*** Opening of Source data ***

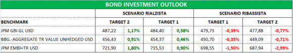 Al buon esito dei mercati azionari internazionali non coincide la medesima tendenza della contrapposta compagine obbligazionaria (rif. JPM GBI Gl. Usd) che, invece, archivia la terza candela nera mensile consecutiva. Quest’ultimo trimestre dell’anno vede particolarmente penalizzata l’asset class bond governativa e non si può escludere una scarsa attrattività per i prossimi mesi. Le risultanze finora emerse dai governatori delle banche centrali (rif. Fed e Bce) durante il recente incontro a Sintra sembrano decretare una probabile instabilità sull’intero comparto; inoltre, nel medio termine, a causa delle paventate incognite sui futuri rialzi dei tassi di interesse si potrebbe precludere un potenziale e significativo upside dei corsi con, inevitabilmente, l’insorgere di una disaffezione tra gli investitori.
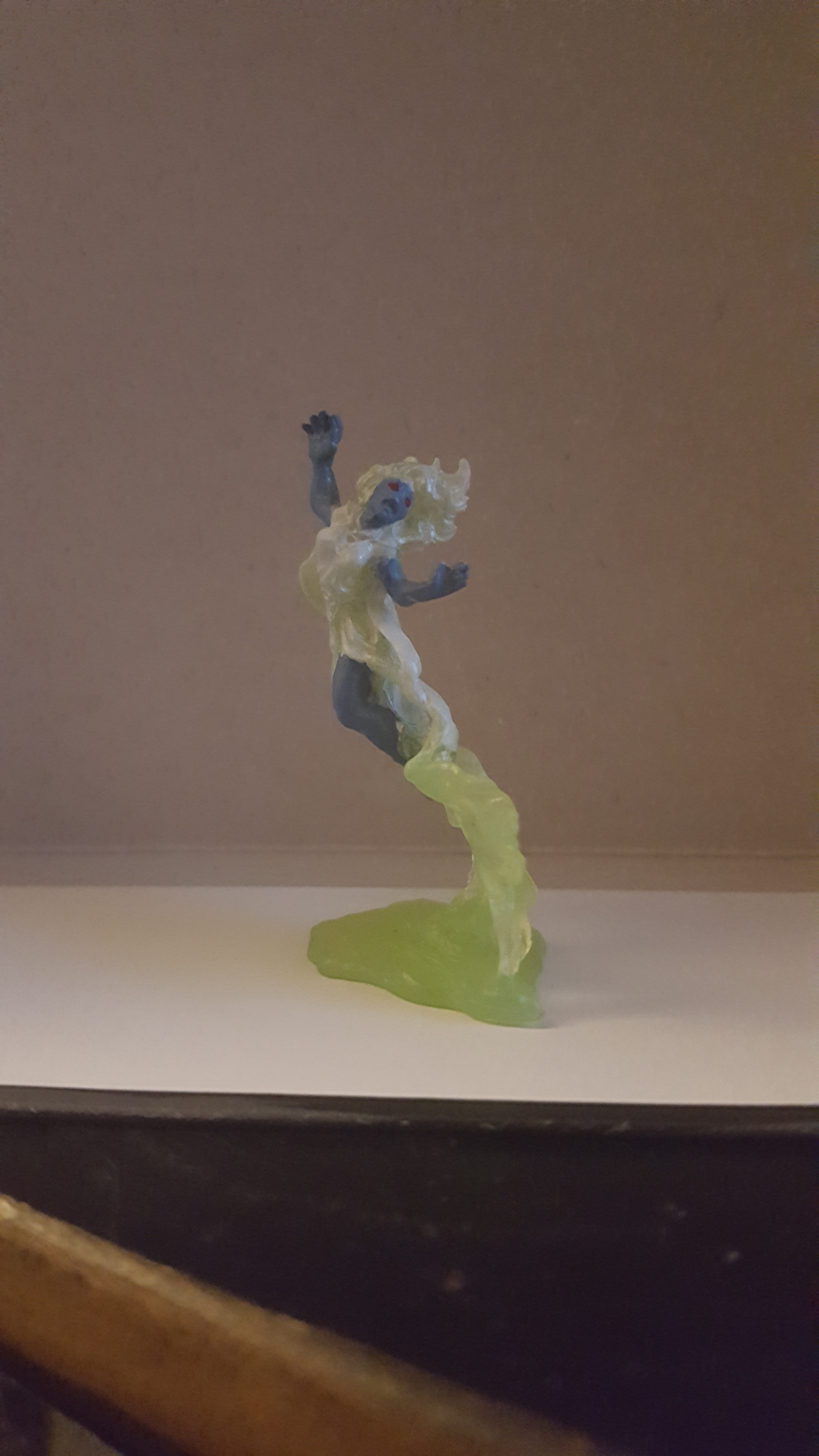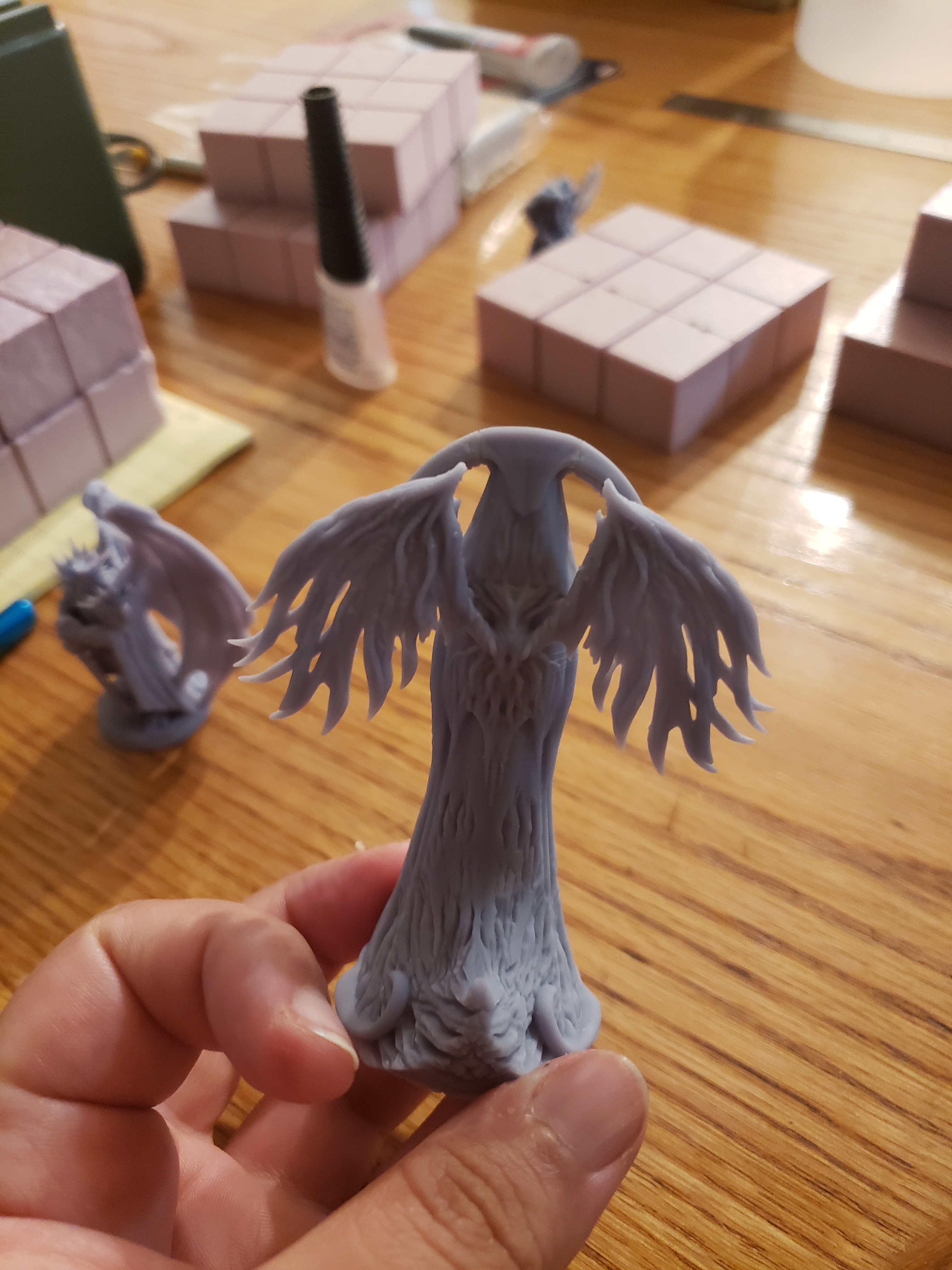 The miniature above was more of a repair job than customization but it did help me learn that sometimes you can still have viable characters from damaged miniatures. I would recommend making sure your printer is a reputable one so you minimize the chances of receiving damaged miniatures. For this one I had to think on my feet. I didn’t have green stuff of professional filler of any kind so I used spackling. Yup, simple spackling. Once the hole was filled, i primed the mini and got to work painting it. My own husband has trouble finding where the hole used to be now.
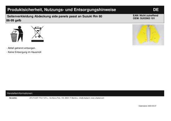 | Titel: | Seitenverkleidung Abdeckung side panels passt an Suzuki Rm 80 86-99 gelb 2. Wahl |
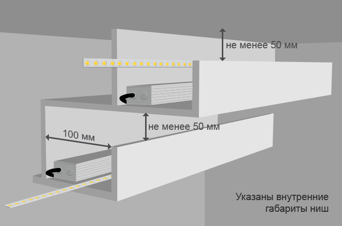 Многоуровневый карниз подсвечивается по тому же принципу, что и простой. Расположение светодиодной ленты зависит от целей, которые Вы преследуете. Если Вы наклеиваете светодиодную ленту на дно карниза, то свет, излучаемый ею, отражается от потолка, благодаря чему потолок «отрывается» и «парит» в воздухе. При этом минимальное расстояние от уровня потолка до верхней границы карниза составляет 50мм, оптимальное 70-120мм. Минимальное расстояние от стены до внутренней границы карниза составляет 100мм, оптимальное 120-150мм. Если блок питания располагается непосредственно в карнизе, то минимальная высота бортика по внутренней стороне – 50мм, оптимальная 70-100мм. Обратите внимание на то, что ниша карниза не должна быть слишком глубокой.
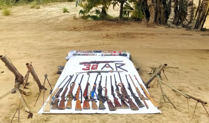 शुक्रवार को बिष्णुपुर जिले के लैशोई हिल्स क्षेत्र में तलाशी अभियान के दौरान सुरक्षा बलों ने भारी मात्रा में हथियार और गोला-बारूद जब्त किया। बरामद वस्तुओं में एक एसएलआर राइफल और एक मैगजीन, एक कार्बाइन मशीन गन, एक .303 राइफल, एक डबल बैरल बंदूक, 48 राउंड गोला-बारूद, दो ग्रेनेड, दो बुलेटप्रूफ जैकेट और कई अन्य सामान शामिल हैं।
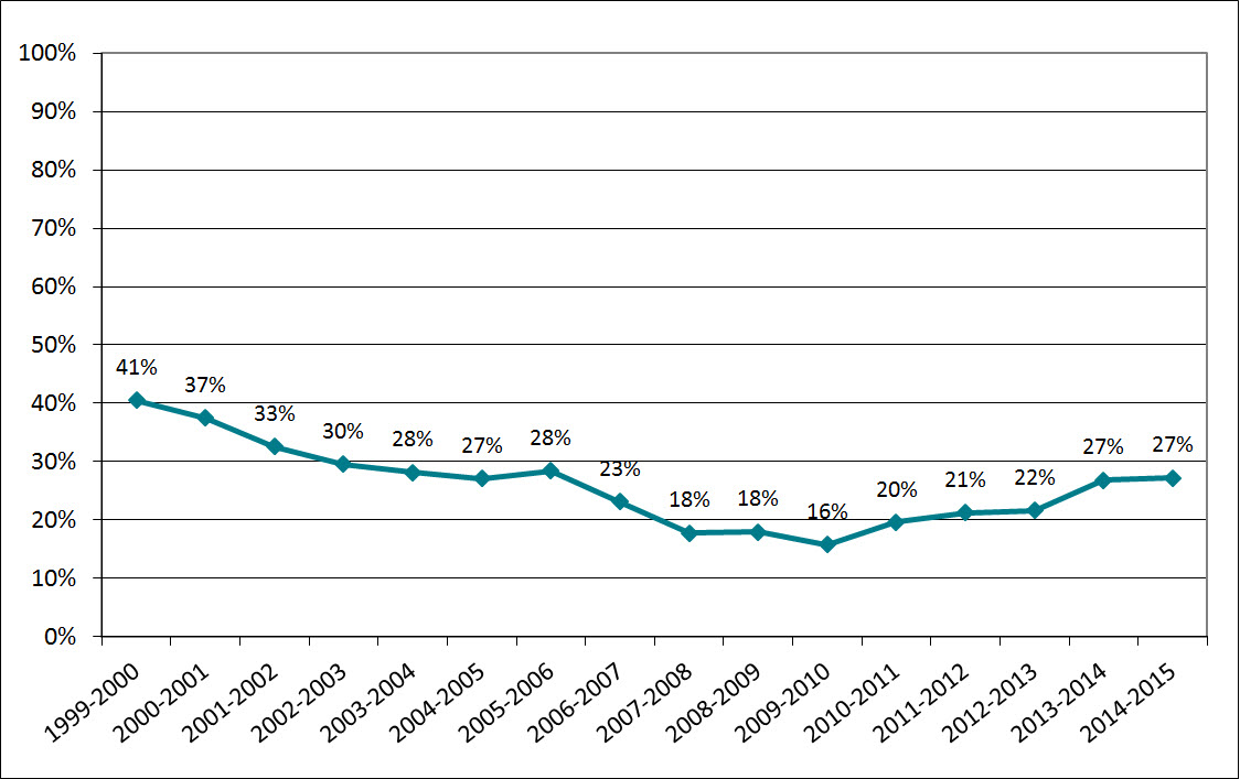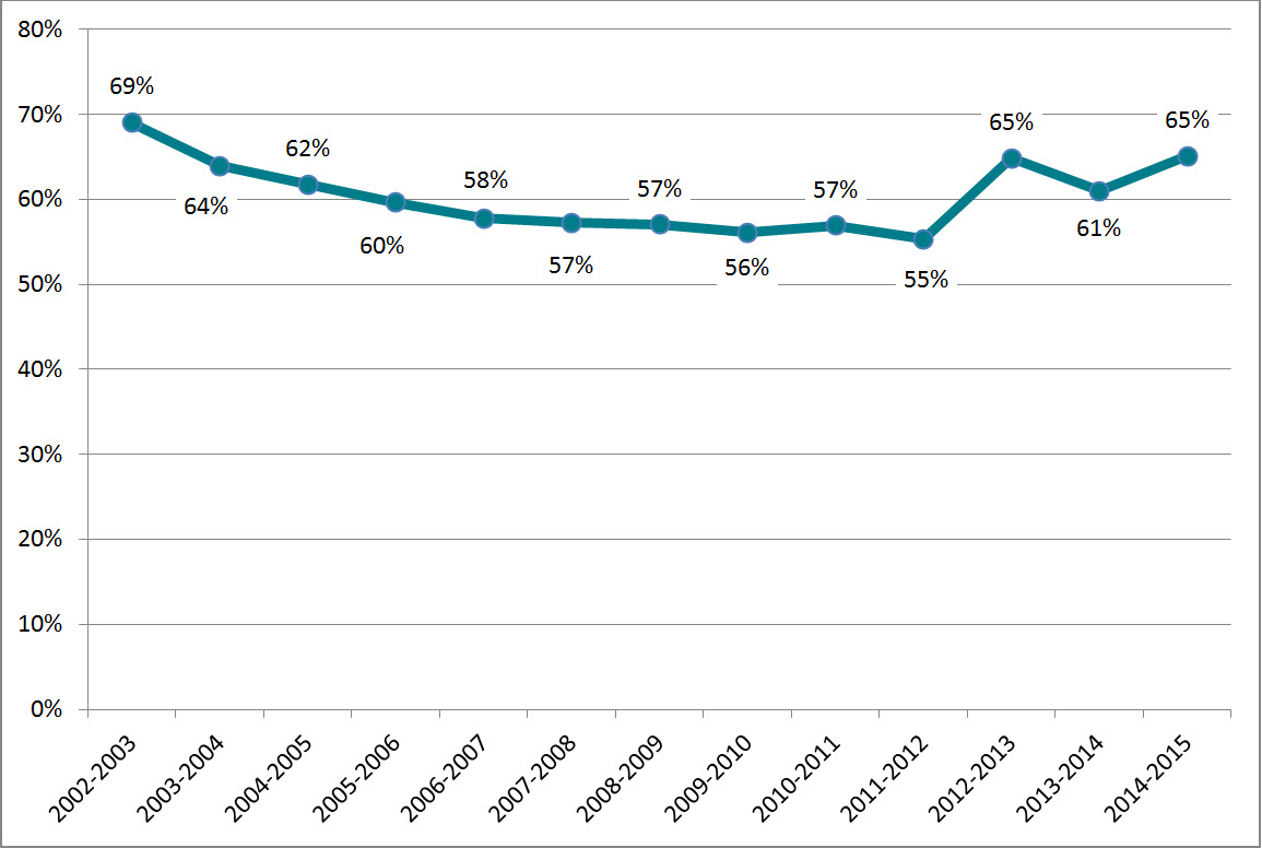 Figure 18 shows the total number of complaints registered by the OIC for each reporting period from 2002-2003 to 2014-2015.

*** Close of Source data ***

## Work to complete
Leave the pictures out. Output exactly, and only, the lines from the one with "Многоуровневый карниз подсвечивается" through the last line of the listing above, both included.

## Output for this task
 Многоуровневый карниз подсвечивается по тому же принципу, что и простой. Расположение светодиодной ленты зависит от целей, которые Вы преследуете. Если Вы наклеиваете светодиодную ленту на дно карниза, то свет, излучаемый ею, отражается от потолка, благодаря чему потолок «отрывается» и «парит» в воздухе. При этом минимальное расстояние от уровня потолка до верхней границы карниза составляет 50мм, оптимальное 70-120мм. Минимальное расстояние от стены до внутренней границы карниза составляет 100мм, оптимальное 120-150мм. Если блок питания располагается непосредственно в карнизе, то минимальная высота бортика по внутренней стороне – 50мм, оптимальная 70-100мм. Обратите внимание на то, что ниша карниза не должна быть слишком глубокой.
 शुक्रवार को बिष्णुपुर जिले के लैशोई हिल्स क्षेत्र में तलाशी अभियान के दौरान सुरक्षा बलों ने भारी मात्रा में हथियार और गोला-बारूद जब्त किया। बरामद वस्तुओं में एक एसएलआर राइफल और एक मैगजीन, एक कार्बाइन मशीन गन, एक .303 राइफल, एक डबल बैरल बंदूक, 48 राउंड गोला-बारूद, दो ग्रेनेड, दो बुलेटप्रूफ जैकेट और कई अन्य सामान शामिल हैं।
 Figure 18 shows the total number of complaints registered by the OIC for each reporting period from 2002-2003 to 2014-2015.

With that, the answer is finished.